Polars parity roadmap (1.8.0)¶

This page is the implementation roadmap for expanding Polars DataFrame parity in PydanTable 1.8.0, focused on the core API:

pydantable.DataFrame (python/pydantable/dataframe/_impl.py)
pydantable.DataFrameModel delegation (python/pydantable/dataframe_model.py)

It complements:

The current-state table: PARITY_SCORECARD
The long-horizon parity history: POLARS_TRANSFORMATIONS_ROADMAP
The behavioral guarantees: INTERFACE_CONTRACT

Scope and constraints¶

In scope (1.8.0)¶

“Most popular” Polars DataFrame methods and arguments that map cleanly to a schema-first, typed API.
Argument-parity work that improves DX without changing the core semantics (for example: broadcast rules, validation errors, convenience overloads).

Out of scope (1.8.0)¶

Accepting arbitrary Polars dtypes that do not correspond to supported typed columns (the schema remains Pydantic-first; see SUPPORTED_TYPES).
Selector DSL parity (e.g. full pl.col("^re$"), wildcard selectors) beyond explicit, schema-driven helpers.
Index-like semantics (no implicit row index; no pandas-style alignment).
A Python polars.LazyFrame escape hatch (see INTERFACE_CONTRACT).

“Most popular” definition¶

We prioritize features by:

Frequency in Polars tutorials/recipes: select, with_columns, group_by, join, sort, reshape (melt/pivot), sampling.
Service impact: correctness and argument parity for joins/group-bys and predictable naming/schema propagation.
Low-risk sequencing: argument parity and convenience overloads before new execution primitives.

Target list (1.8.0)¶

The table below is the deliverable checklist.
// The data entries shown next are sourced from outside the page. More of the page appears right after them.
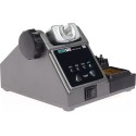 - Precyzyjna regulacja: Jednorazowe przyciśnięcie odpowiedniego przycisku umożliwia zmianę temperatury na grocie o +/- 1 stopień, co pozwala na bardzo dokładne dostosowanie temperatury do wymagań konkretnego zadania lutowania.
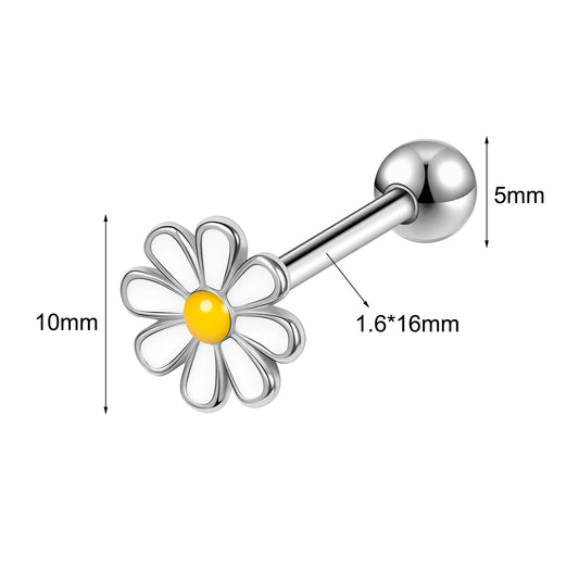 14g Yellow Flower Tongue Ring Threaded Tongue Piercing Barbell Jewelry
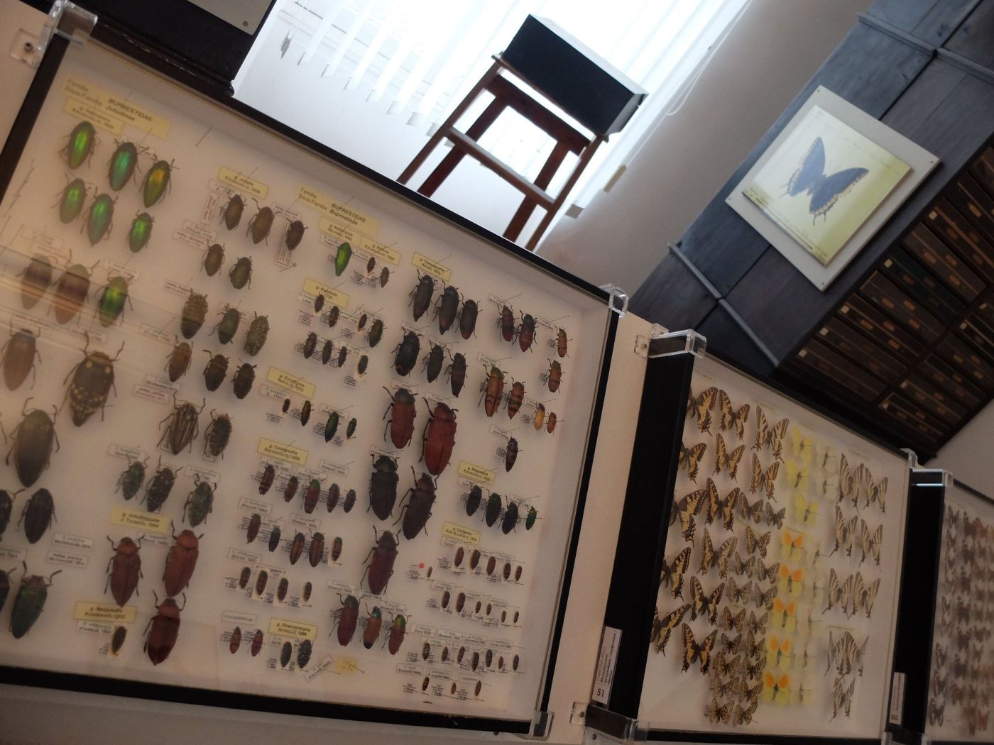 Une partie du matériel utilisé par le taxidermiste, surveillé par une immense grenouille-taureau.Une très belle collection de coléoptères, mais aussi de tiroirs !
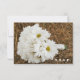 En bröllop OSA med ett foto av en daisy bukett som vilar på en hö.
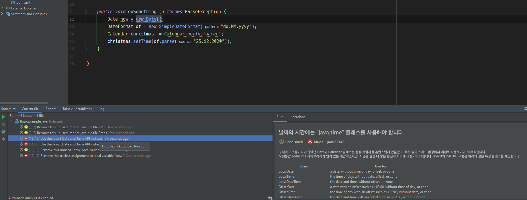 검색 창에 "sonar"라고 입력하면 검색 결과 상단에 보이는 'SonarLint'를 설치합시다. 우리가 코드를 작성할 때 코드에 있는 버그나 취약점, 코드 품질을 떨어뜨리는 잘못된 코드 등을 찾아서 표시해줍니다. 원한다면 문제가 되는 코드를 즉시 수정할 수 있으며, 왜 이게 문제가 되는 코드인지에 대한 상세한 내용을 제공해줍니다. 물론 설명은 영어로 제공되니 참고합시다.
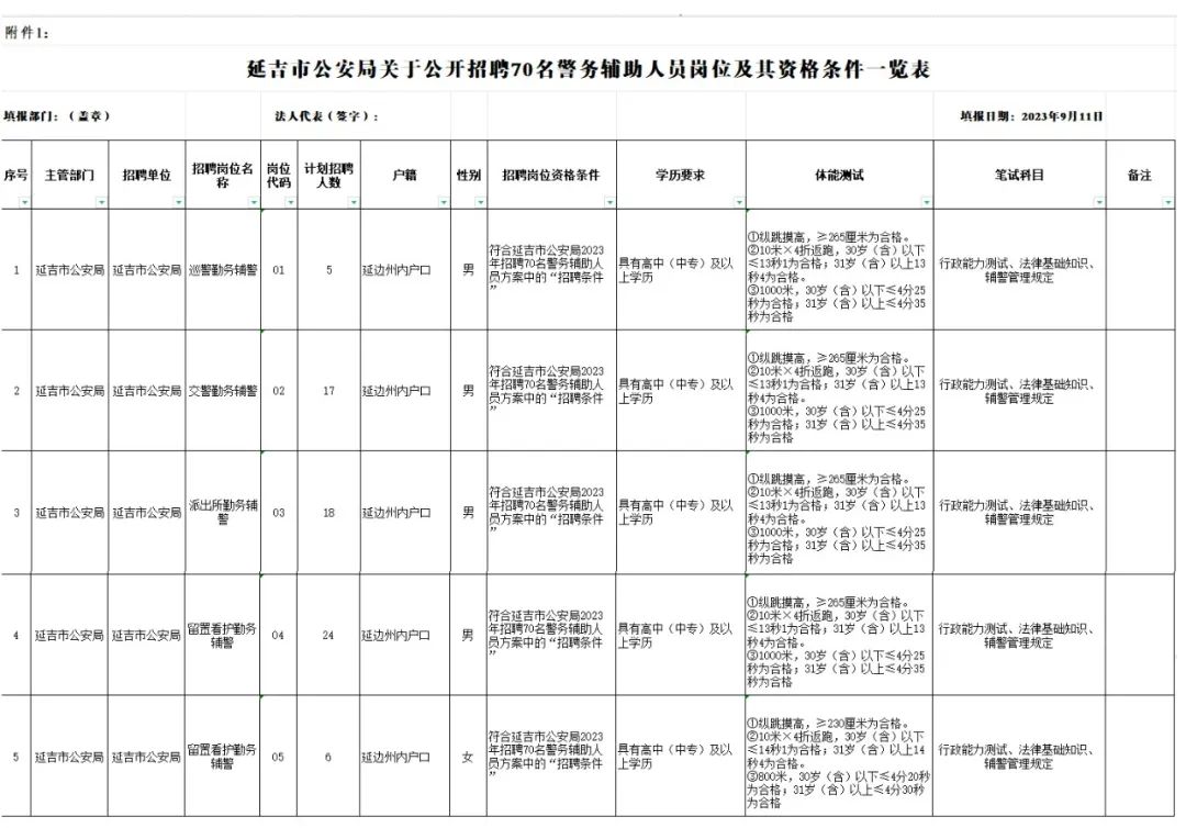 附件:延吉市公安局2023年招聘警務(wù)輔助人員崗位與資格條件一覽表
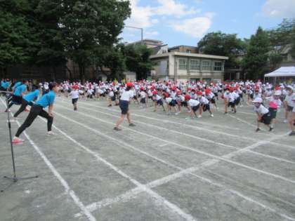 6年生の進行係が司会を務め、最初に「おわりの運動」を行いました。おわりの運動担当の6年生がリードして、体をほぐしました。
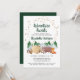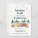 Sweet rustique invitation à saupoudrer avec de mignons illustrations d'animaux de bois avec leur tente campant dans les montagnes et la forêt, une superposition d'étoiles d'or et "Adventure Awaits" et le nom de la future mère dans un script vert de chasseur foncé. Personnalisez facilement les détails de la douche d'arrosage pour bébé.
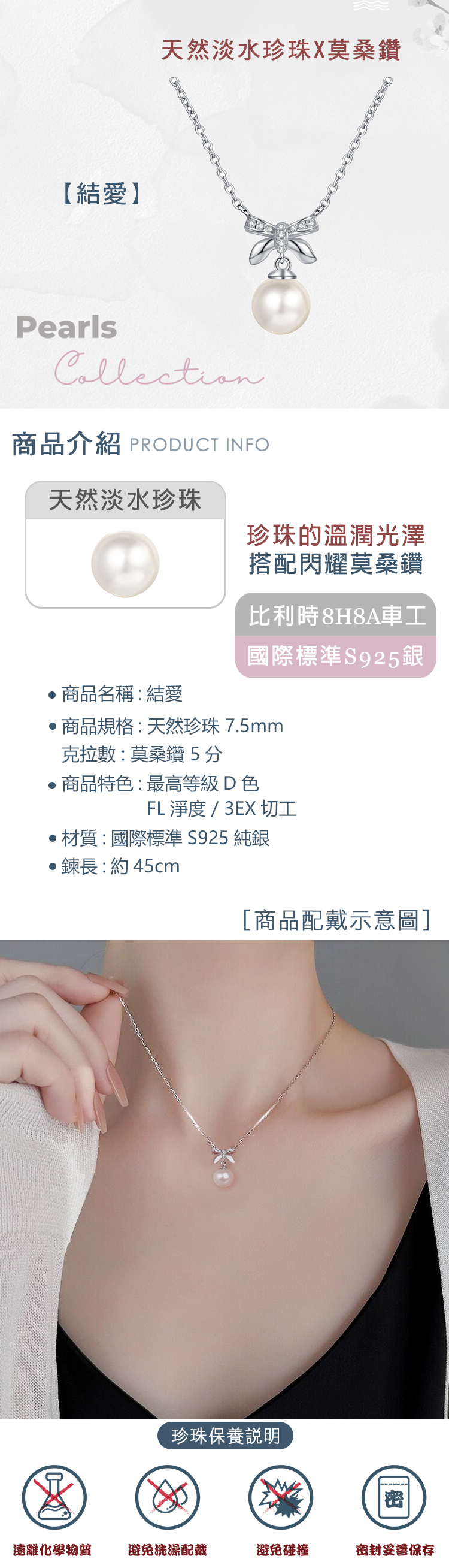 【CF鑽飾|CF Diamond】 頂級CF鑽:火彩、亮度、均比鑽石更閃耀、燦爛 ●商品規格: 天然淡水珍珠x莫桑鑽 ●珍珠規格:7.5mm ●主鑽克拉數 : 5分 ●商品特色:最高等級D色 / FL淨度 / 3EX切工 ★切工:八心八箭邱比特比利時切工,完美切割57個切面,璀璨光芒 ★材質:國際標準S925純銀,抗過敏,抗氧化 ★配鑽:小鑽款式 商品標準配備: -附專用拭銀布 -原廠精美歐式禮盒、提袋,送禮自用兩相宜 【購買注意事項】 -因人工測量及於電腦螢幕色差等非人為因素,商品實際尺寸&顏色可能存在微小差異,請以收到實際商品為主! 【貼心小提醒】 -銀製飾品會因接觸到空氣、汗水氧化時而變黑時,可使用拭銀布擦拭,立即恢復它的光澤亮麗色彩 -請勿浸泡溫泉水及化學藥劑、清潔劑之中 -因拭銀布本身有藥劑,使用完畢後記得洗手!!
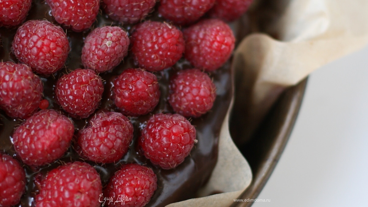 - Шаг 3Готовим глазурь. Нагрейте сливки и смешайте их с растопленым шоколадом. Полейте сверху торт. Украсьте малиной.
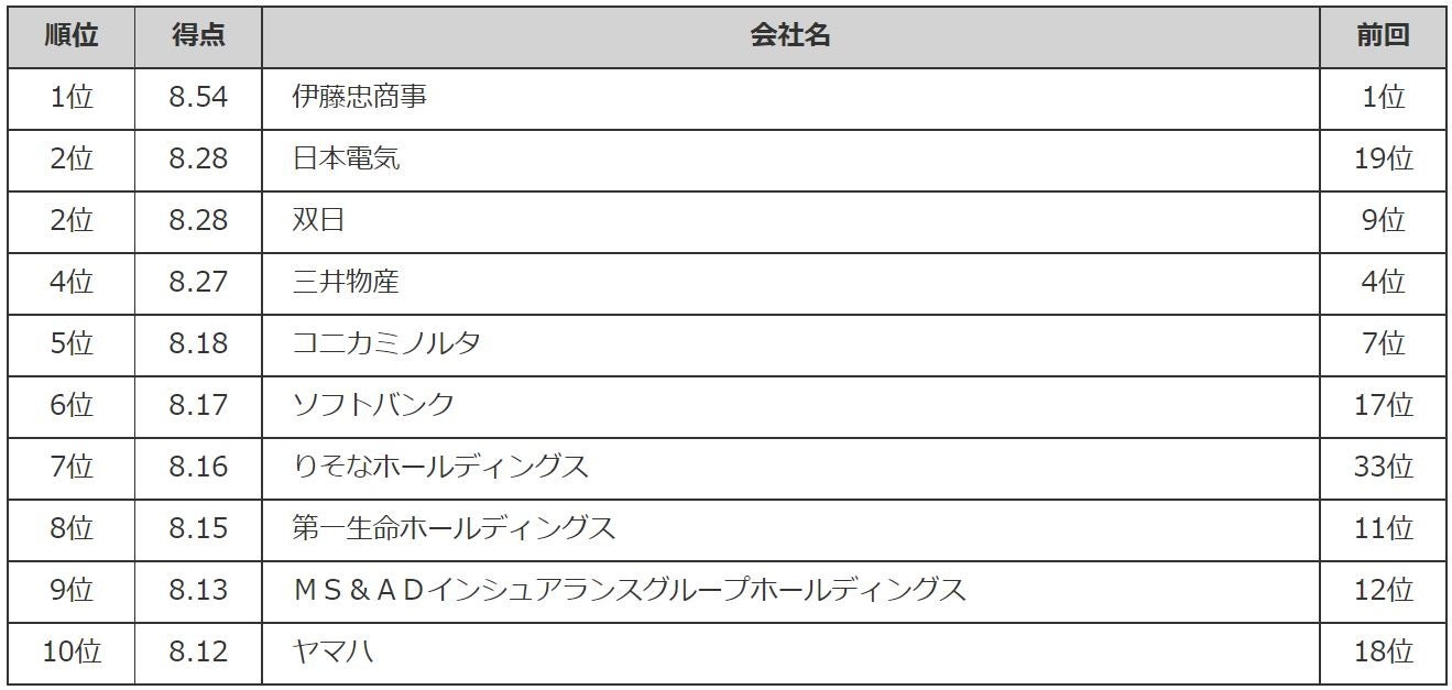 ~「伊藤忠商事」が2年連続で総合第1位を獲得!~
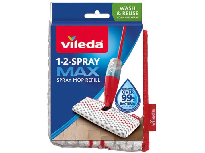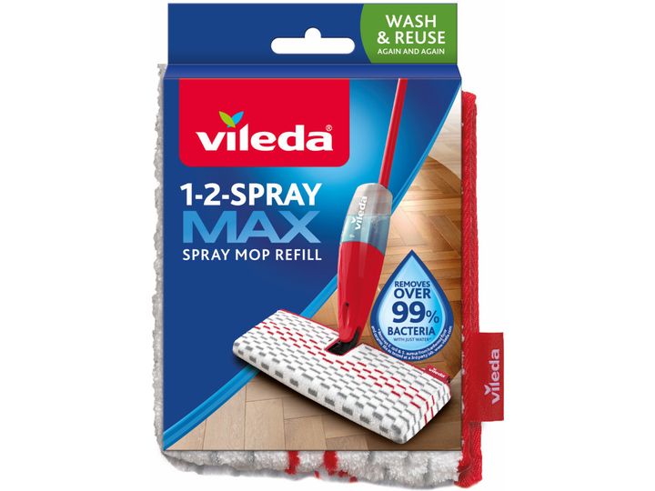 Vileda's 1-2 Spray Max double-sided microfibre refill means you can flip it over when one side is dirty and clean a larger area. The red and white microfibres pick up dust, dirt and hair particles making sure your floor is perfectly clean. It also removes 99% of bacteria and viruses with JUST water so no need for harsh chemicals. It's washable at 600C and can be washed up to 200 times before you need to replace it. Removes E. Coli & S. Aureus and Bovine Coronavirus from sealed wooden floor & ceramic tile as tested at a 3rd party lab.
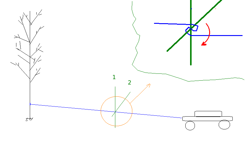 Итак, метОда. Трос цепляем к машине и на всю длину - к дереву, до куда достанет. Берем две палки потолще (для Нивы достаточно толщиной 4см), первую из них затачиваем (нож-то с собой есть?) и вбиваем неглубоко рядом с тросом, примерно посередине. Второй же зацепляем петлю троса, и начинаем наматывать на первую палку. Схематично я попробовал нарисовать это на картинке:
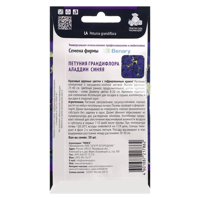Красивые крупные цветки с гофрированным краем. Растения компактные с насыщенно-зелёной листвой. Высота растения – 25-30 см. Цветение ранее, продолжительное, цветки крупные, окраска - синяя. Диаметр цветка – 8-10 см. Идеально подходит для озеленения. Используют для посадки в горшки, контейнеры и высадки в открытый грунт.
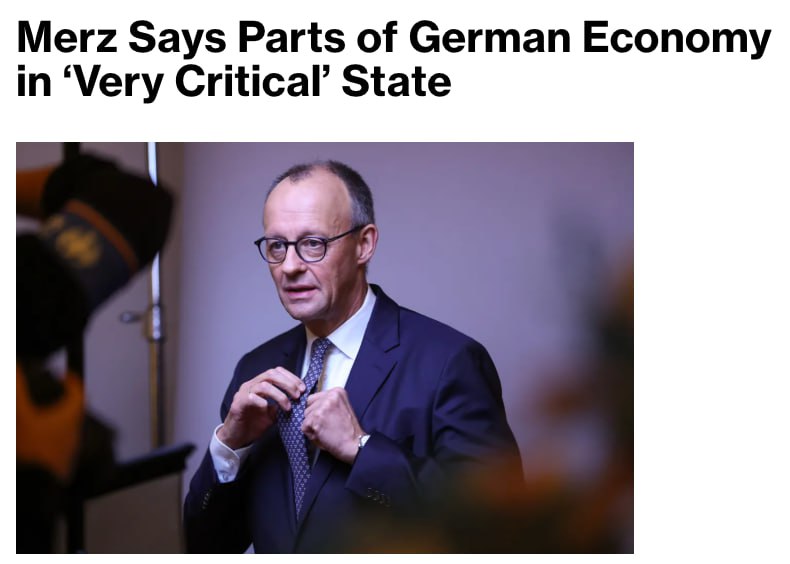 Канцлер Германии Фридрих Мерц в письме к парламентариям констатировал глубокие проблемы в экономике страны. По его словам, «некоторые отрасли» экономики ФРГ «находятся в очень критическом состоянии», сообщает агентство Bloomberg.
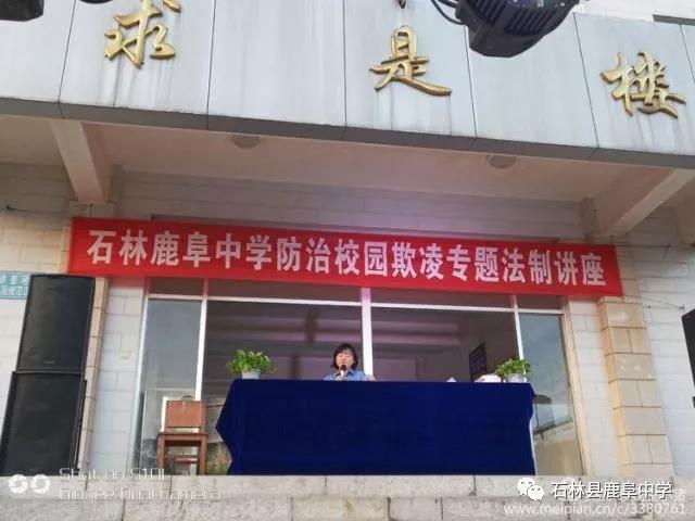 为构建和谐校园,促进学生的身心健康发展,预防校园欺凌等事件的发生,2018年5月7日,石林县鹿阜中学德安处特邀石林县检察院徐瑞芳,昂玮两位检察官为西校区八年级全体师生作了主题为“防治校园欺凌”的专题法制讲座。
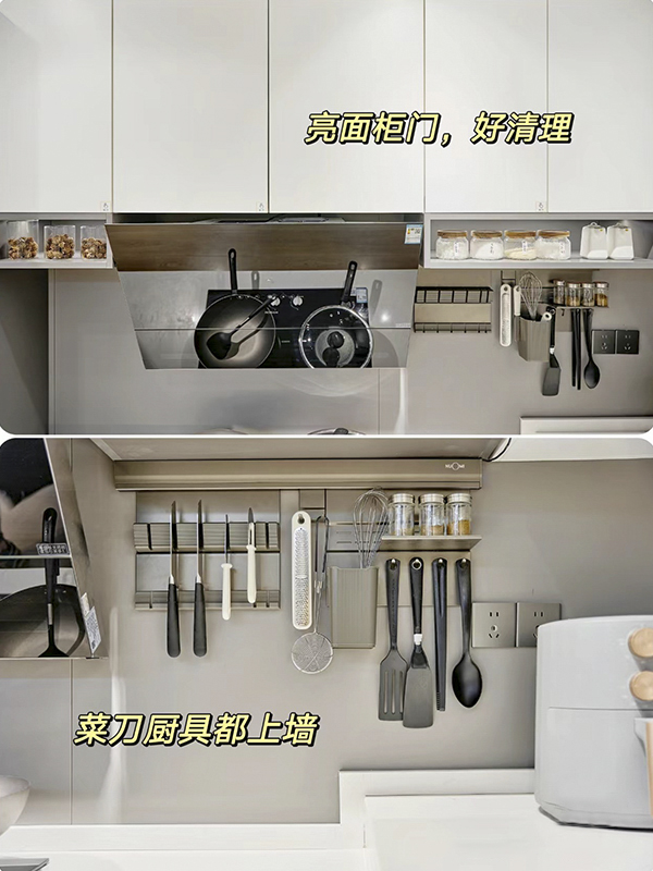 做亮面柜門不做膚感或復(fù)雜造型,真的節(jié)省了很多打掃工作。常用廚具都掛起來,隨用隨拿,不會堆放在臺面上。

Each row should land with:

API behavior in Python
engine wiring (Rust) when required
contract tests
docs updates (this page + PARITY_SCORECARD and sometimes INTERFACE_CONTRACT)

Area	Target	Arguments / details	Implementation notes
Core	`DataFrame.select` ergonomic overloads	allow expression aliasing; schema-driven helpers like `select_all()` / `select_prefix(...)` / `select_suffix(...)`	Avoid wildcard/regex selectors; expand using current schema fields.
Core	`DataFrame.with_columns` ergonomic overloads	accept positional aliased expressions in addition to kwargs	Must preserve deterministic schema order rules.
Core	`DataFrame.sort` argument parity	broadcast validation (`descending`, `nulls_last`), consistent errors; consider `maintain_order=` if engine supports	Must keep existing `engine_streaming` story.
Core	`drop` / `rename` missing-column behavior	add `strict=` / `errors=` behavior for missing columns	Must be consistent with typed contract; document defaults.
Core	`unique` / `distinct` options	clarify allowed `keep`; consider `maintain_order=`	If engine lacks support, document as unsupported.
GroupBy	`GroupedDataFrame` convenience methods	`sum/mean/min/max/count/len` style shortcuts + deterministic naming	Must not change all-null group semantics (see INTERFACE_CONTRACT).
GroupBy	Group-by arguments	`maintain_order=` / `drop_nulls=` where feasible	If not feasible, define explicit non-support.
Join	Join argument parity	`coalesce=` and stricter `on/left_on/right_on` validation; consider `validate=` checks	Prefer “documented constraints” over partial silent behavior.
Reshape	`pivot` argument parity	`sort_columns=`, `separator=`, etc. where feasible	Preserve deterministic output naming contract.
Utilities	High-use utilities	`sample`, `shift`, `null_count`, `is_empty`-style helpers	Decide per-method: plan step vs eager (document costs).

Testing strategy¶

Contract-first: add tests that assert behavior against the stated contract, not row order.
Parity checks: where possible, compare to Polars on the same inputs, but accept documented deviations when schema-first typing requires it.
Error paths: every new argument should have at least one “bad input” test.

Release documentation¶

When features land:

Update PARITY_SCORECARD (status + notes).
Add or refresh examples in POLARS_WORKFLOWS for newly-added common patterns.